What is Electrogravity Physics?
An accessible introduction to one of the most intriguing frontiers in physics — the study of interactions between electromagnetic and gravitational forces.
The Core Idea
Electrogravity physics explores the possibility that electric fields can influence gravitational effects. At its heart is the observation that certain electrical configurations — particularly asymmetric capacitors charged to high voltages — appear to produce a thrust or movement that isn't fully explained by conventional aerodynamics alone.
While mainstream physics attributes most of these effects to ionic wind (charged air molecules creating thrust), researchers in this field investigate whether there may be additional, subtler forces at work — forces that could reveal deeper connections between electromagnetism and gravity.
The Biefeld-Brown Effect
The cornerstone of electrogravity research is the Biefeld-Brown effect, first observed in the 1920s by Thomas Townsend Brown. When an asymmetric capacitor (two electrodes of different sizes separated by a dielectric) is charged with high voltage, it moves toward its smaller, positive electrode.

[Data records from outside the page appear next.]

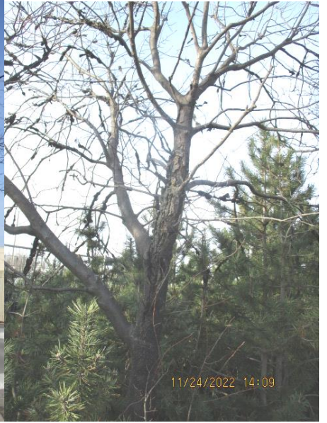
Tree 62 – Canker on trunk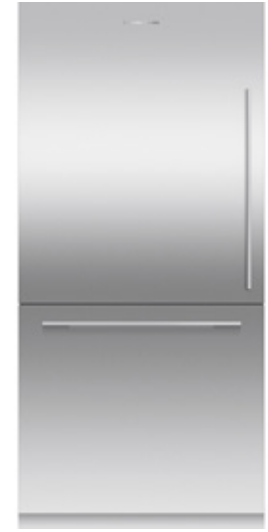
RS36W80LJ1N • $$$

Strong, weight bearing doors can hold bulky items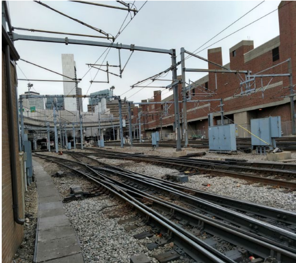
Tower 1 Tracks (North)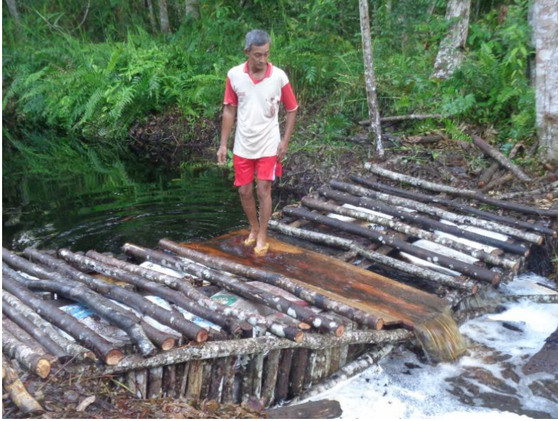
A member of the LPHD of Pulau Kumbang assessing the final construction of the dam.

Gunung Palung Orangutan Conservation Program (GPOCP)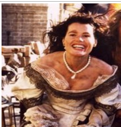
2. Geena Davis Morgan Adams Cutthroat Island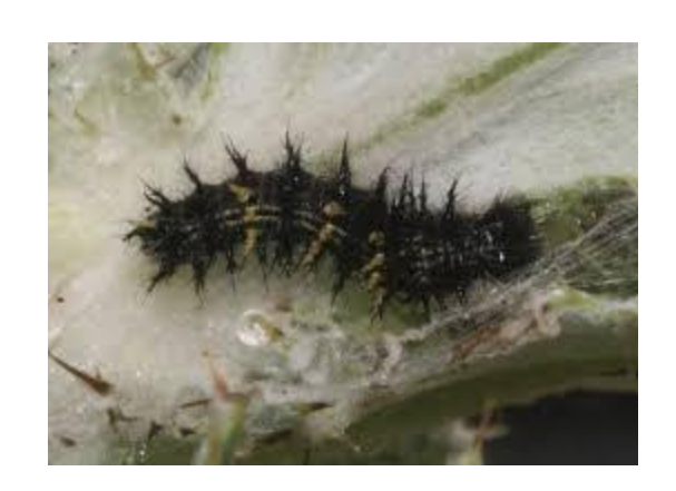
Until one day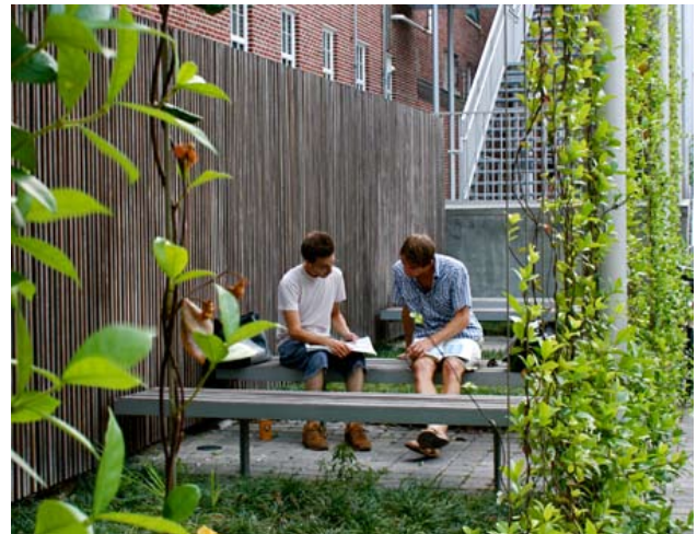
This small pocket park at Tulane University is incredibly simple: benches, pavers and ground cover, and a vegetated trellis to provide some shade.

Village Square Park on Main Street. A small vest pocket park on Main Street, activated with casual café seating and perhaps with limited coffee or other beverage service could create a signature focal point and attraction for the street. The panel feels the parking lot to the south of the maritime Museum could be a good location for such a park.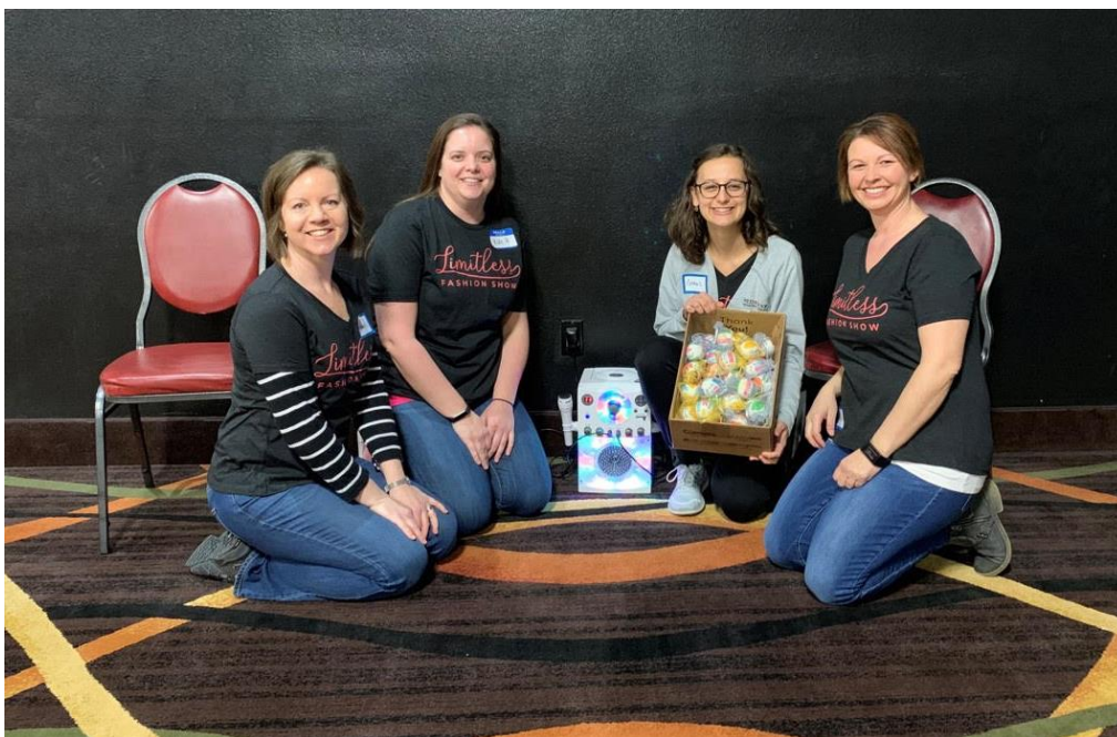
NDOTA members at Limitless Fashion Show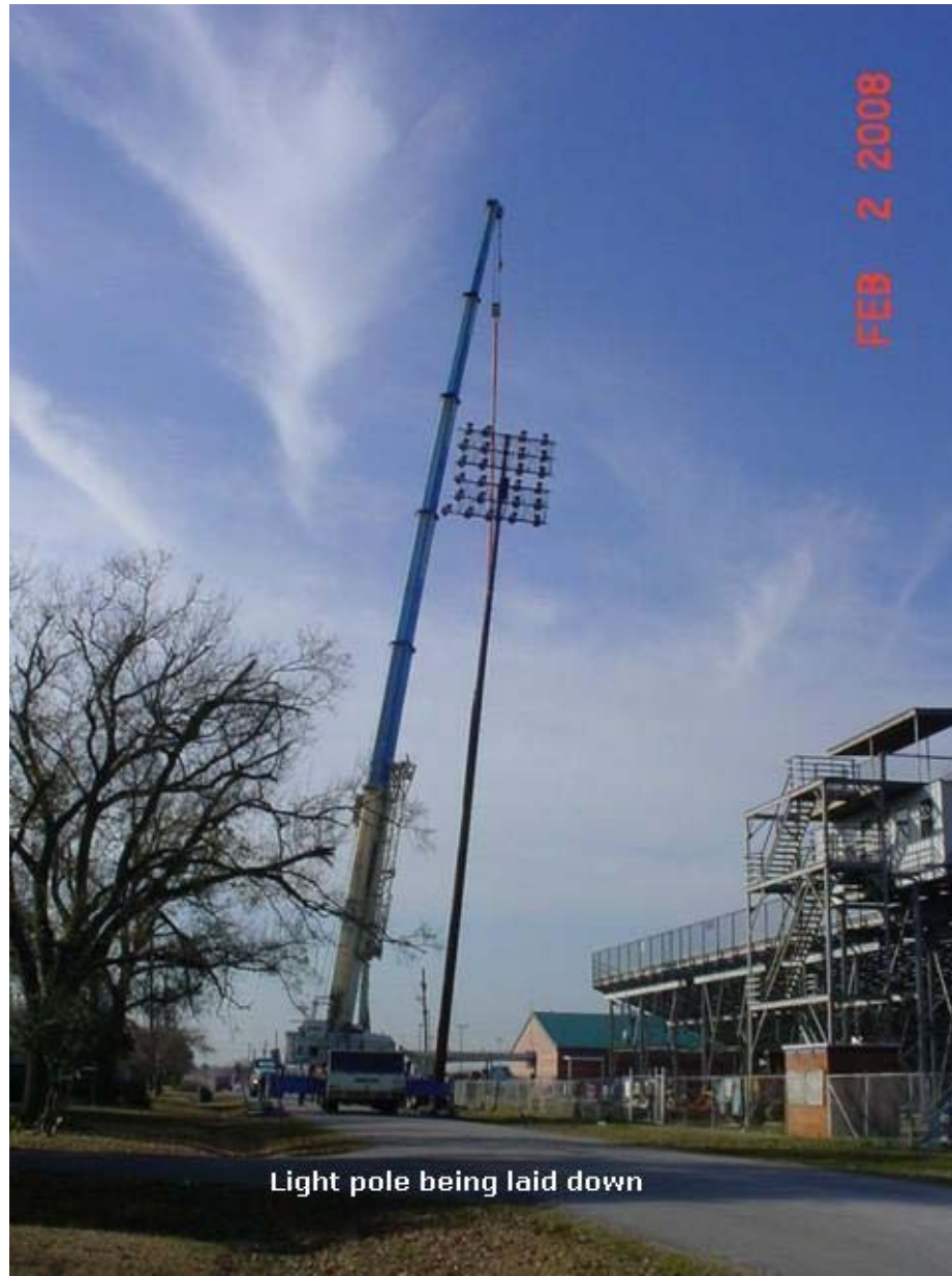
Light pole being laid down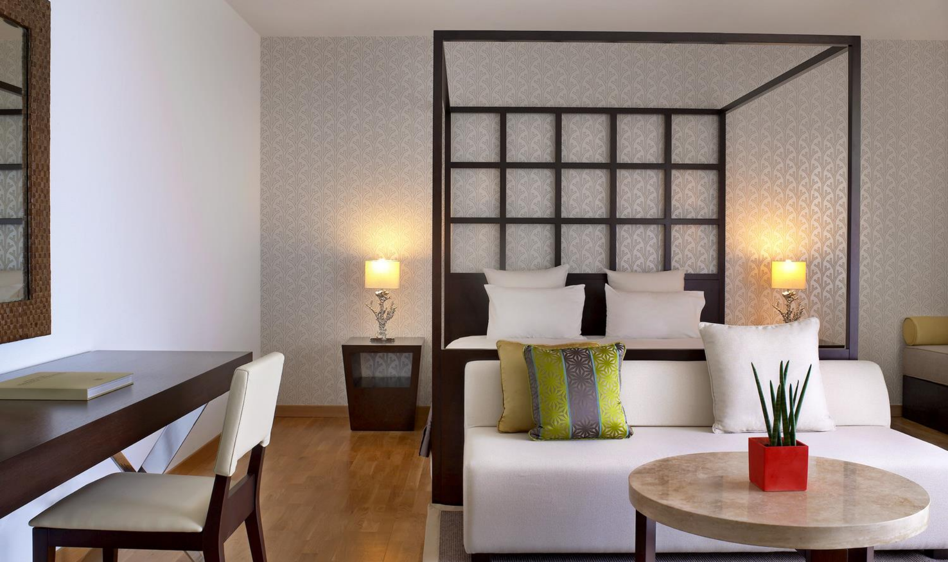
Junior Suite – Sea View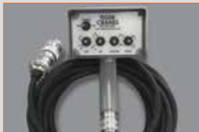
Standard Corded remote features a heavy duty aluminum housing and purpose built umbilical cord for maximum durability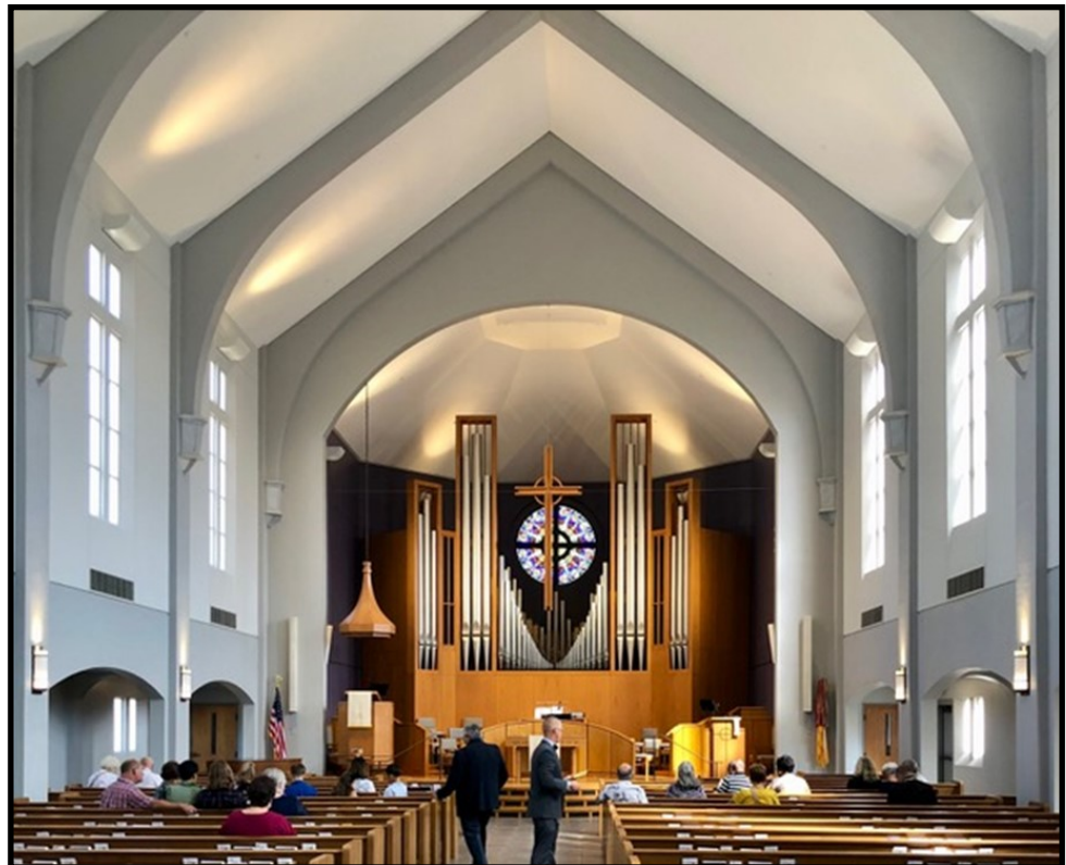
5/7 Cavalry Memorial Service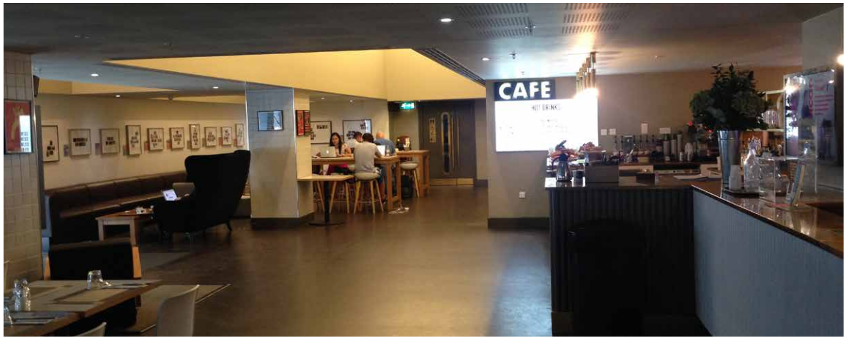
This is a view of the front of the Bar.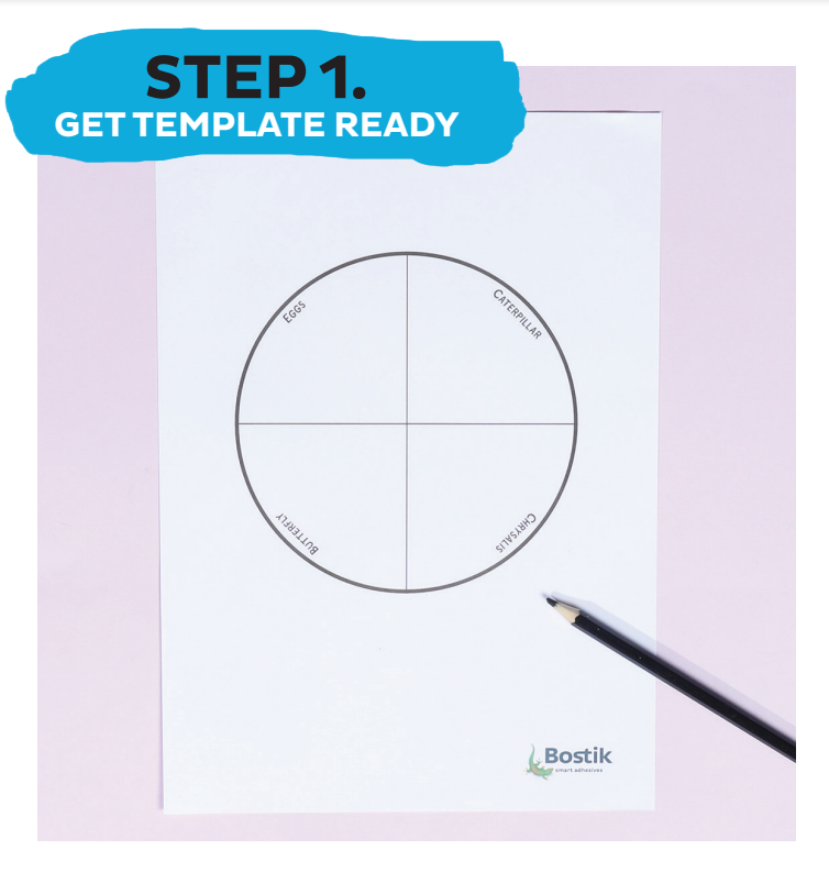
Print out the life cycle template... or draw your own!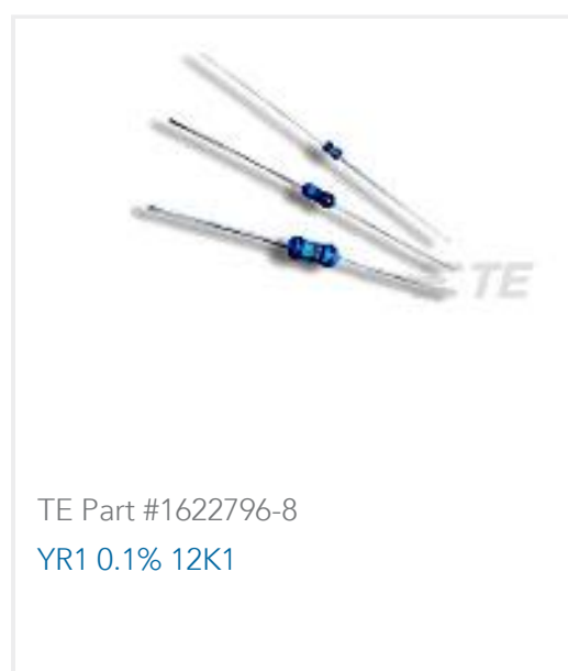
TE Part #1622796-8 YR1 0.1% 12K1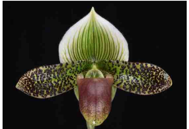
Left: Paph. Apapa 'Jet Jet' AM/AOS, grown by Hilo Orchid Farm Right: Paph. Lune Francais 'Slipper Zone That's All Folks' HCC/AOS, grown by Lehua Orchids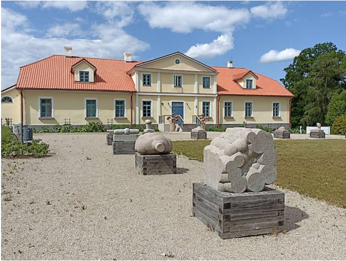
Manor of Brinckenpedvale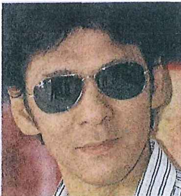
Singer Jamal Abdillah is among 90 receiving DIMP, which carries the title Datuk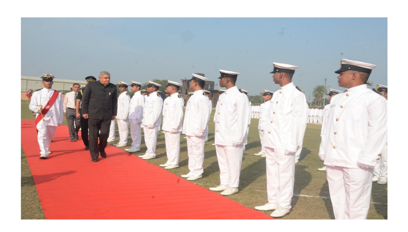
Pre Passing Out Parade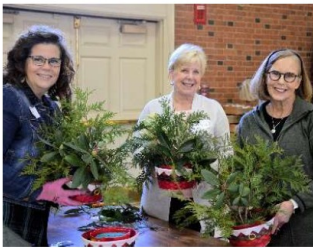
Christmas centerpieces for UMFS, the Hermitage & Covenant Woods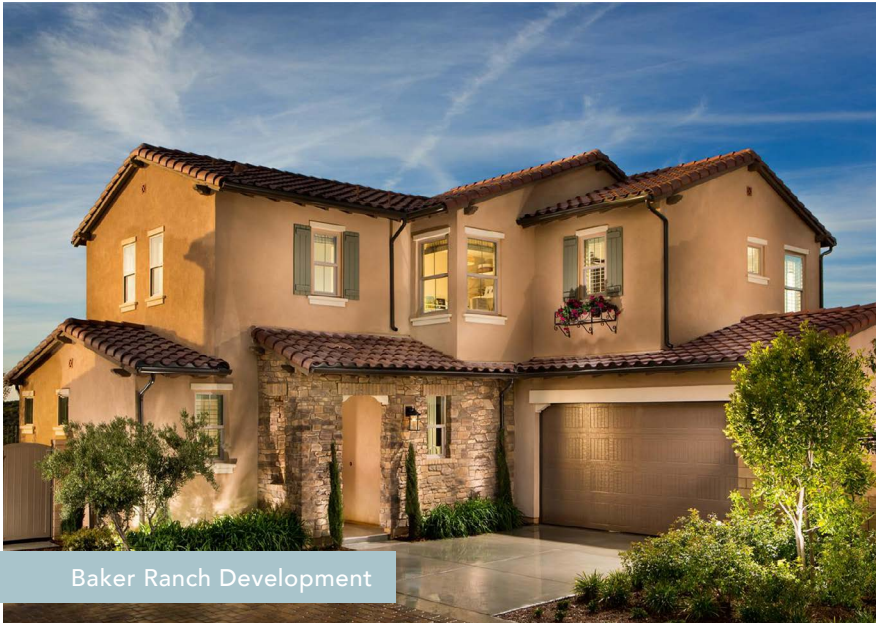
Baker Ranch Development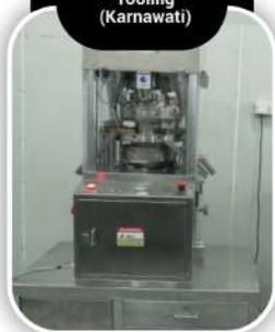
Tablet Punching Machine With Multi Tooling (Karnawati)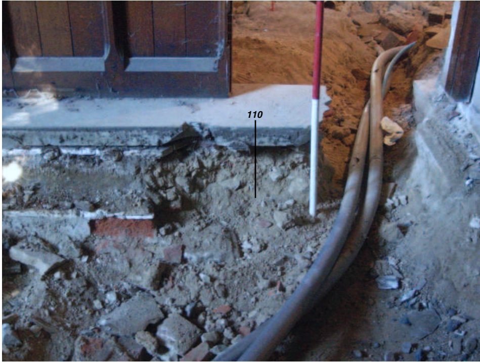
Plate 13: Vestry wall foundation 110, looking west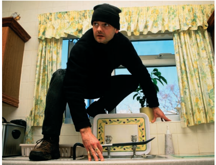
There have been modest reductions in crime rates as a result of PPO pilot schemes, notable for burglary and vehicle crime.

So how do PPO schemes work? The target population of persistent offenders is identified from the volume and nature of crimes they commit and how damaging those individuals are to their local community. Local area agencies in charge of crime prevention then work together to reach the PPO's three stated goals: 'prevent and deter';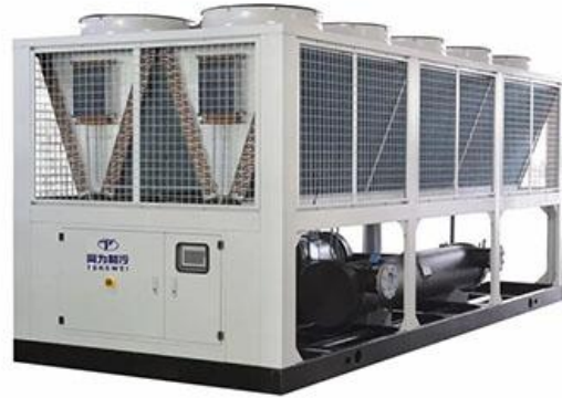
Air-cooled Food Processing ScrewChiller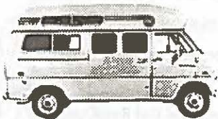
Custom D. Ideally suited for the family who wants to use it for a first or second car. Valued below many station wagons at $5495.00.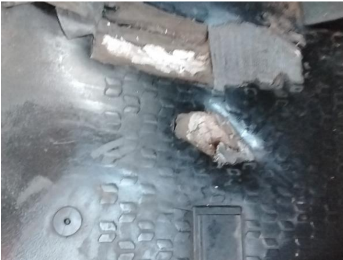
11: Carpets Front Holed Over 3mm

This effect has been replicated thousands of times by experimenters worldwide. The scientific debate centers not on whether the effect exists, but on what causes it. Understanding this mechanism remains one of the field's central challenges.
A Brief History
Thomas Townsend Brown discovers that asymmetric capacitors move when charged with high voltage, later known as the Biefeld-Brown effect.
Electrogravitics research gains interest from aerospace companies. Reports circulate about propulsion applications.
Research continues in smaller labs and universities. Debate intensifies over the mechanism: ionic wind vs. novel force.
Modern experiments with improved vacuum chambers and measurement techniques reignite interest in the field.
Key Figures
Thomas Townsend Brown (1905–1985)
The pioneering inventor who first observed and documented the Biefeld-Brown effect. Brown spent decades researching electrogravitic propulsion and believed his discoveries could revolutionize transportation.
Dr. Paul Alfred Biefeld (1867–1943)
A professor of physics and astronomy who served as Brown's mentor. The effect bears his name alongside Brown's in recognition of his academic guidance.
Why Does It Matter?
The search for connections between electromagnetism and gravity is not just an academic exercise. If such connections exist, they could have profound implications for propulsion technology, energy systems, and our fundamental understanding of physics.
Even within conventional physics, the quest to unify all fundamental forces — gravity, electromagnetism, and the strong and weak nuclear forces — remains one of the greatest challenges in modern science. Electrogravity research contributes to this broader conversation.
This website aims to present these ideas in an accessible, balanced way — encouraging curiosity while respecting the rigor that real science demands.